And when the origin is finally identified, the question that hangs over the room is always the same: why was this not surfaced when it was first known?

The workstream lead at the origin has an answer. It is always some version of: we were assessing, we thought we could manage it, we did not realise the downstream implications.

These answers are not lies. They are the honest description of a workstream lead who did not understand that her technical problem was the programme’s structural problem. That is a governance failure, but it is also a training failure, a communication failure, and a programme architecture failure. It is rarely a character failure.

But it is always expensive.

Component Four: The Amplification

The amplification is what turns a workstream-level problem into a programme-level crisis.

In a single project, the cost of a problem is bounded by the project. There is one plan, one team, one budget, one timeline. The problem affects all of these, but it affects them as a single unit. The recovery is correspondingly bounded.

In a programme, the cost of a problem propagates through the dependency network. Every workstream that has built a plan against the suppressed information has to revise that plan. Every testing window that was sequenced on the assumption of a dependency being available has to move. Every external commitment, client communication, and resource allocation that was made on the basis of the programme’s reported state has to be revisited.

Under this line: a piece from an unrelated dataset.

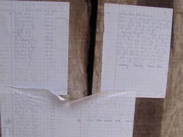 Mặt kia tờ "sớ", chồng bà Loan lập sẵn một danh sách ghi danh kèm theo số tiền ủng hộ. Đọc bản danh sách, chúng tôi thấy đã số mọi người đến chữa bệnh đều "quyên góp", với số tiền từ 100.000 – 2.000.000 đồng. Hai trang giấy học sinh ghi kín mít những dòng tên. Thậm chí, phía trong sổ lưu của chồng bà Loan còn có một bản dài đầy đủ tên tuổi, quê quán, lịch hẹn...

The amplification factor is determined by the density of the dependency network and the duration of the suppression period. A problem that suppresses for three months in a programme with eight interdependent workstreams has had three months to embed itself in the assumptions of every workstream downstream of the origin. Unwinding those assumptions takes longer than the suppression period because the unwinding itself creates new dependencies and new sequencing constraints.

This is why the maths of cascade failure is so counterintuitive. A three-month suppression does not produce a three-month delay. It produces a delay that is a multiple of three months, because the recovery has to sequence through the same dependency network that the suppression corrupted, in the reverse direction, under conditions of time pressure and reduced confidence.

The Weighbridge Sensor: A Complete Cascade in One Example

The weighbridge sensor story is worth examining in full detail because it illustrates all four components with unusual clarity, and because it is the kind of problem that repeats itself in steel plant implementations in different forms with enough regularity to constitute a pattern.

The Origin: Month Ten

An integrated steel plant is running a full production chain MES implementation. Seven workstreams, thirty months planned, external implementation partner alongside an internal IT team.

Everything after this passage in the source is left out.